Write $x_n=22..244...45$ as sum of $2$ squares

Question

I've recently came across this problem and, although I've spent time looking for a solution, I don't have any interesting ideas.

Let the numbers $$x_1=25$$ $$x_2=2245$$ $$x_3=222445$$ and $x_n=22..244...45$ with $n$ digits $'2'$ and $n-1$ digits $'4'$

Prove that $x_n$ can be written as a sum of two perfect squares for any natural number $n\ge1$.

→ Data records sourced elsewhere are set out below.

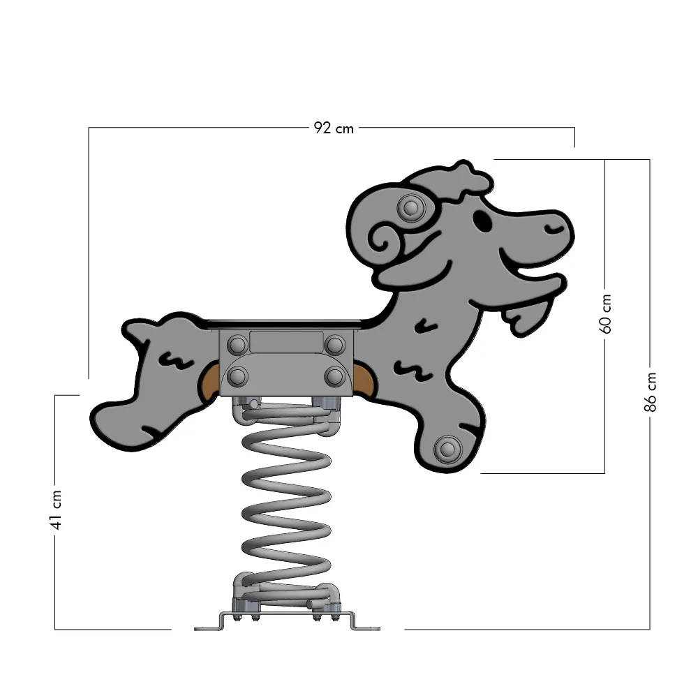 Verstärkte Kunststoffhandgriffe und Fußstützen mit Anti-Rutsch-Profil sorgen dafür, dass die kleinen Ziegen während des Spielens immer einen sicheren Halt haben. Die Feder aus pulverbeschichtetem, massivem Stahl ermöglicht ein sanftes, kontrolliertes Wippen und wird mit einer feuerverzinkten Stahlverankerung geliefert. Diese sorgt für eine einfache Montage, entweder durch Einbetonieren oder durch Verschrauben, was höchste Stabilität gewährleistet.
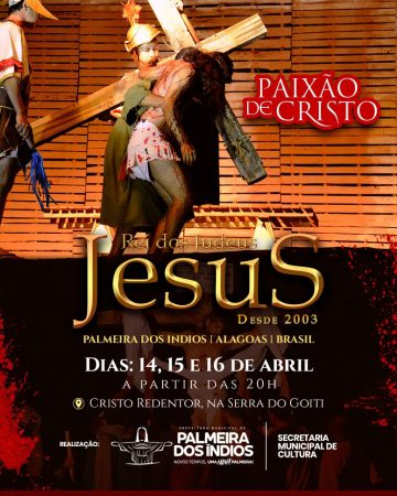 Após dois anos suspenso, por conta da pandemia da Covid-19, o espetáculo da Paixão de Cristo voltará a ser realizado na cidade de Palmeira dos Índios. Com o título: “Jesus, Rei dos Judeus”, a maior história de amor pela humanidade foi produzida, este ano, por um coletivo de atores independentes e dos grupos teatrais do município. O evento ocorrerá nos dias 14, 15 e 16 de abril, sempre às 20h, no Cristo Redentor, na Serra do Goiti, e será o único de toda a região.
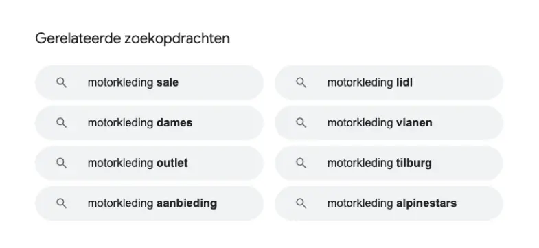 In bovenstaande afbeelding hebben we het zoekwoord ‘motorkleding’ gebruikt, waarbij Google een aantal interessante zoekwoorden weergeeft. Deze gerelateerde zoekwoorden helpen jou om jouw onderwerpen verder te specificeren. Als er een interessant zoekwoord tussen staat, kun je deze vervolgens weer gebruiken als zoekopdracht om wederom de gerelateerde zoekopdrachten te bekijken. Zo krijgt jouw zoekwoorden onderzoek steeds meer diepgang en achterhaal je zoekwoorden die echt relevant zijn voor jouw bedrijf!
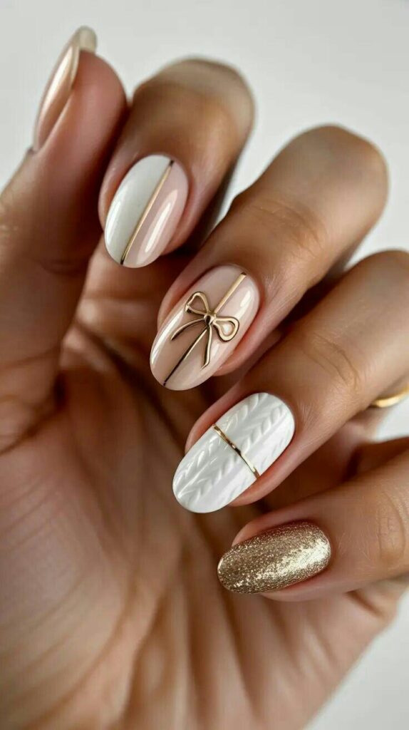 A mix of creamy neutrals and soft white tones is elevated with thin gold striping and a dainty gold bow accent. The knitted white nail brings subtle winter charm while the gold-glitter nail adds a polished holiday sparkle.
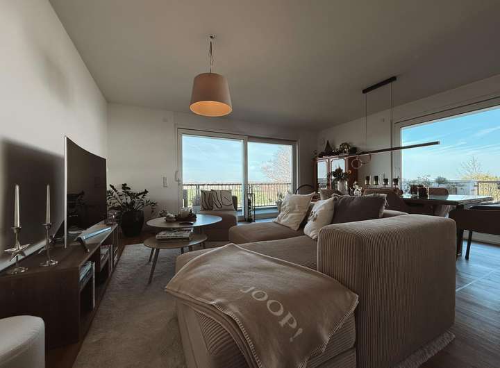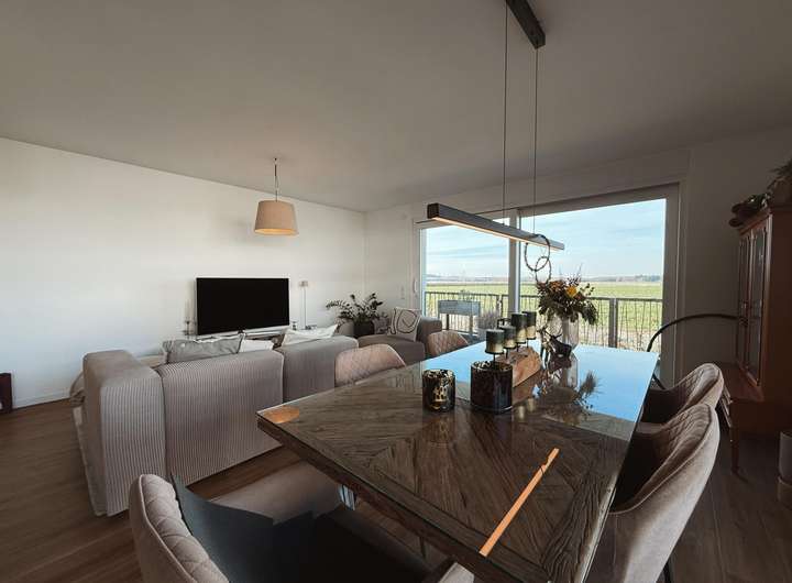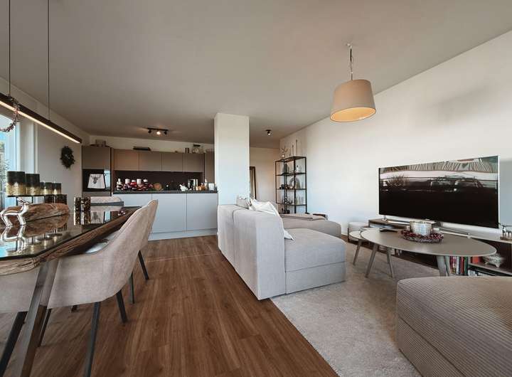 Über die Diele gelangen Sie direkt in den großzügigen Wohn- und Essbereich, der sich wie ein behaglicher Mittelpunkt des täglichen Lebens präsentiert. Die bodentiefen Fensterfronten lassen reichlich Tageslicht hinein und schaffen eine helle, freundliche Atmosphäre, in der Sie morgens mit einer Tasse Kaffee auf dem Sofa sitzen oder abends entspannt den Tag ausklingen lassen können. Die Proportionen des Raumes ermöglichen eine individuelle Möblierung – ob gemütliche Sofalandschaft, elegantes Sideboard oder ein kleiner Lesesessel in Ihrer persönlichen Lieblingsecke, hier entfaltet sich ein Wohngefühl, das Geborgenheit und Freiheit harmonisch vereint. Platz für Ihren Essbereich finden Sie gleichwohl. Ein großer Esstisch fügt sich mühelos ein und wird zum Platz für lange Gespräche, Kindergeburtstage, Weihnachtsessen oder spontane Dinner mit Freunden. Die Verbindung zwischen Wohnen und Essen sorgt dafür, dass Sie stets in Kontakt mit Ihren Liebsten bleiben, egal ob jemand noch in der Küche kocht oder bereits am Tisch sitzt.
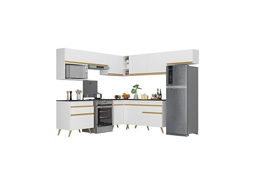 Armário de Cozinha Completa de Canto Veneza Multimóveis V2071 Branco/dourado
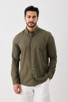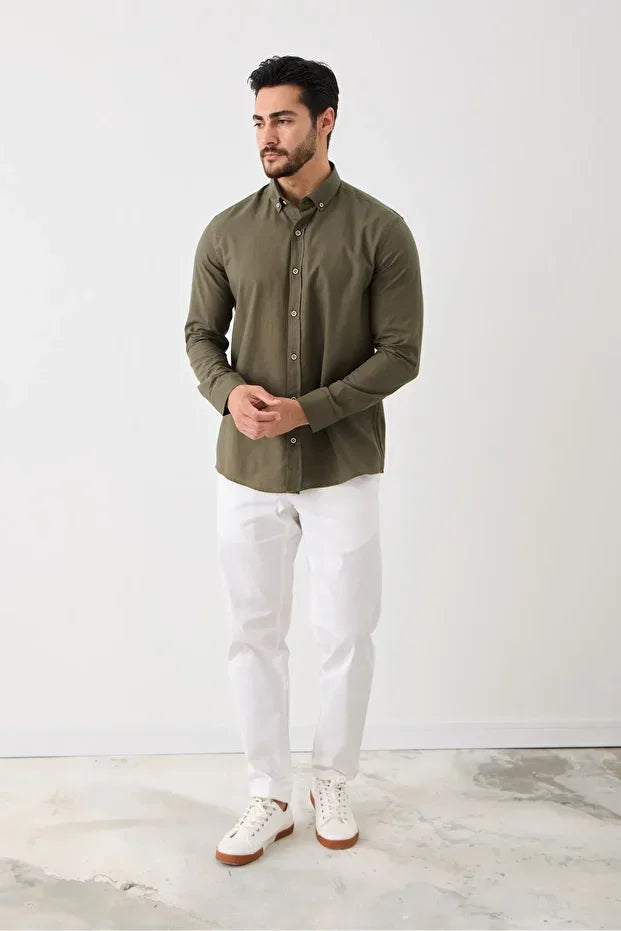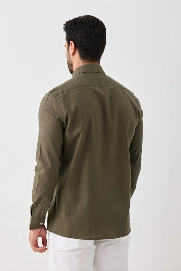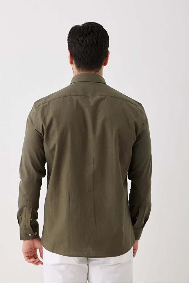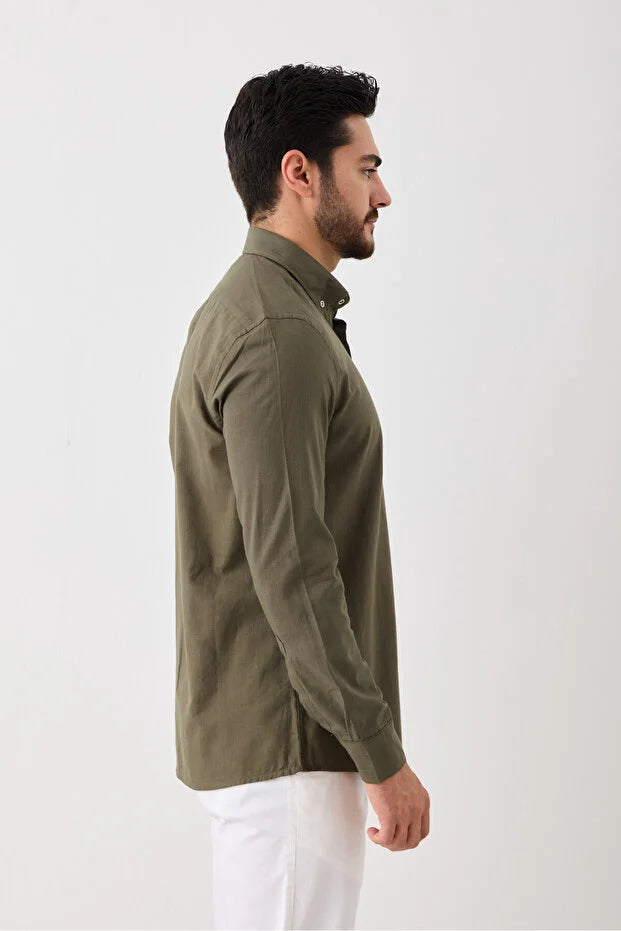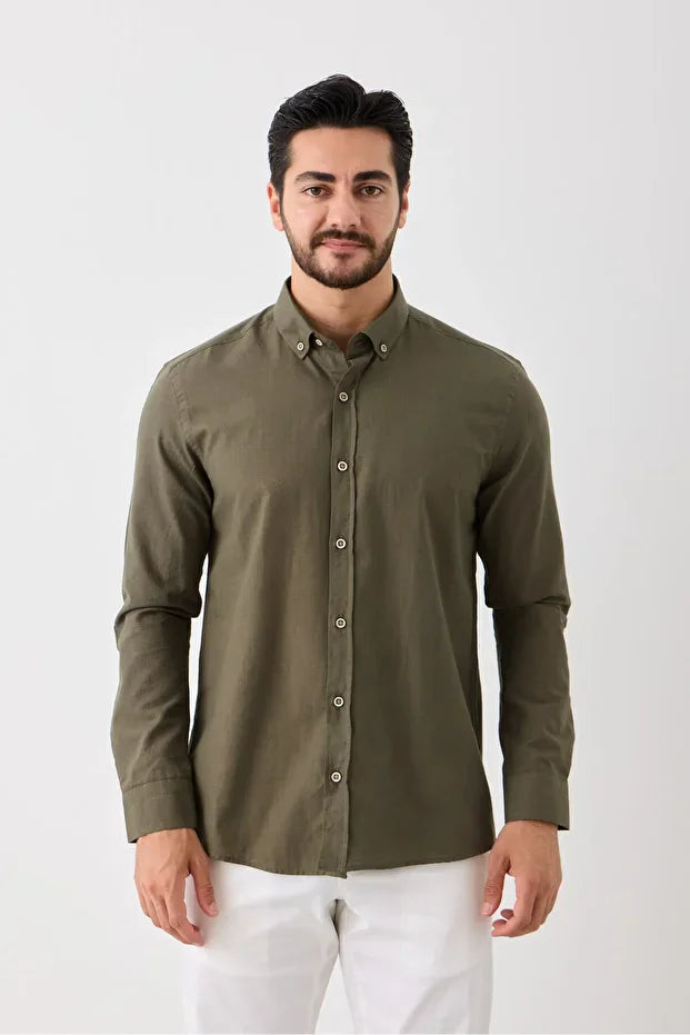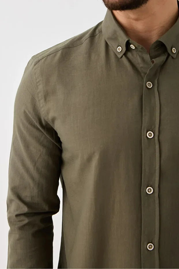 Uzun Kol %100 Pamuk Slim Fit Erkek Gömlek - Düğmeli, Keten Görünümlü, Serin Tutan Kumaş Haki
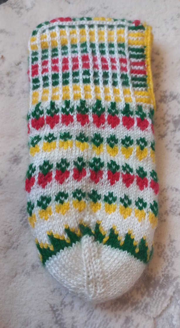 Beyaz taban üzerine kırmızı, sarı ve yeşil nakışlı renkli kız çorabı. Yumuşak ve rahat örme
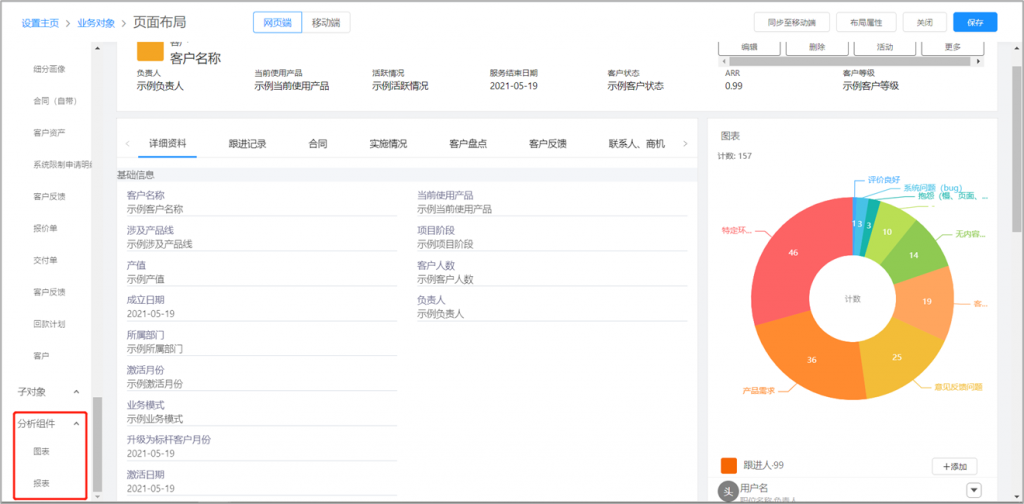 在數據資料的詳情頁面上,可以查看相關對象的報表。實現以當前數據為中心,360度視圖輕松查看分析全貌
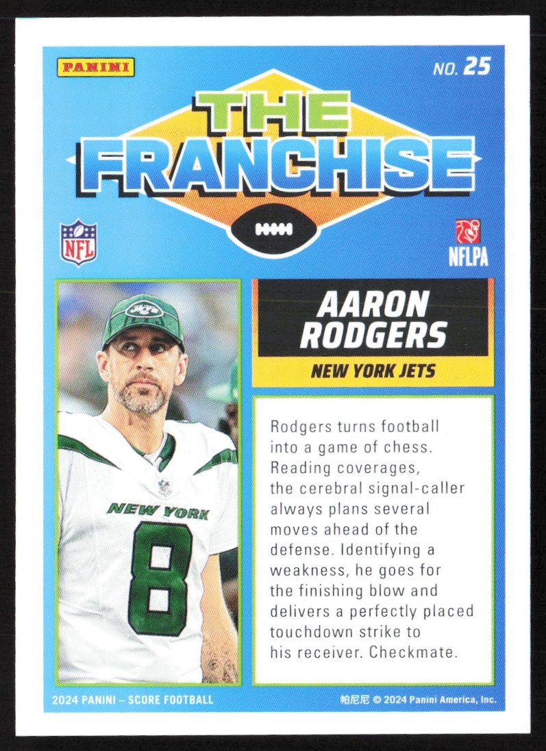 | 2024 Score The Franchise Aaron Rodgers New York Jets #25 | ||||||||||||||||||

The first impulse was to decompose the number:

$$ x_n = 2 \times \left(10^{2n-1}+\dots+10^n\right) + 4 \times \left(10^{n-1}+\dots+10\right)+ 5$$ $$ x_n = 2 \times \frac{10^{2n}-10}{9} + 2 \times \frac{10^{n}-10}{9} + 5$$ $$ x_n = \frac{20}{9} \left(10^{2n-1} - 1 + 10^{n-1} - 1\right) + 5$$ Anyway, this doesn't seem to lead to the good track. A piece of advice or a hint would be apreciated.

P.S. I guess that it's because of the Stack Exchange android app, but although I wrote something on the first line ("Hi there"), this doesn't appear in the post. This happened several times.

Answer 1

You are on the right track. Write everything as a fraction with denominator 9 and use the fact that $10^n \equiv 1\pmod 3$ for all $n \geq 1$.

Answer 2

\begin{align*} x_{n} &= \left( \frac{10^{n}+a}{3} \right)^{2}+ \left( \frac{10^{n}+b}{3} \right)^{2} \\ &= \frac{2(10^{2n})+2(a+b)10^{n}+a^{2}+b^{2}}{9} \end{align*}

Solving $$\left \{ \begin{array}{ccc} a+b &=& 1 \\ a^{2}+b^{2} &=& 5 \end{array} \right.$$

$$(a,b)=(2,-1),(-1,2)$$

Answer 3

Since you specifically mentioned interesting ideas, I have posted this answer - see the last section

Outline

We exclude the case $25$ which is $3^2 + 4^2$.

Claim

For all other numbers with $\color{blue}{n}$ $2$'s, $\color{blue}{n-1}$ $4$'s and $\color{blue}{one}$ $5$, they can be expressed as sum of $2$ squares, one of which is $\color{blue}{n-2}$ $6$'s.

Justification

As simplified by OP, $x_n = \frac{1}{9} \times \{20(10^{2n-1} + 10^{n-1}) + 5\}$

Let $t_n = 6 (1 + 10 + \ldots + 10^{n-2})$, then

$x_n - t_n^2$ can be shown to be $(X + 3)^2/81$ where $X = 42 \times 10^{n-1}$.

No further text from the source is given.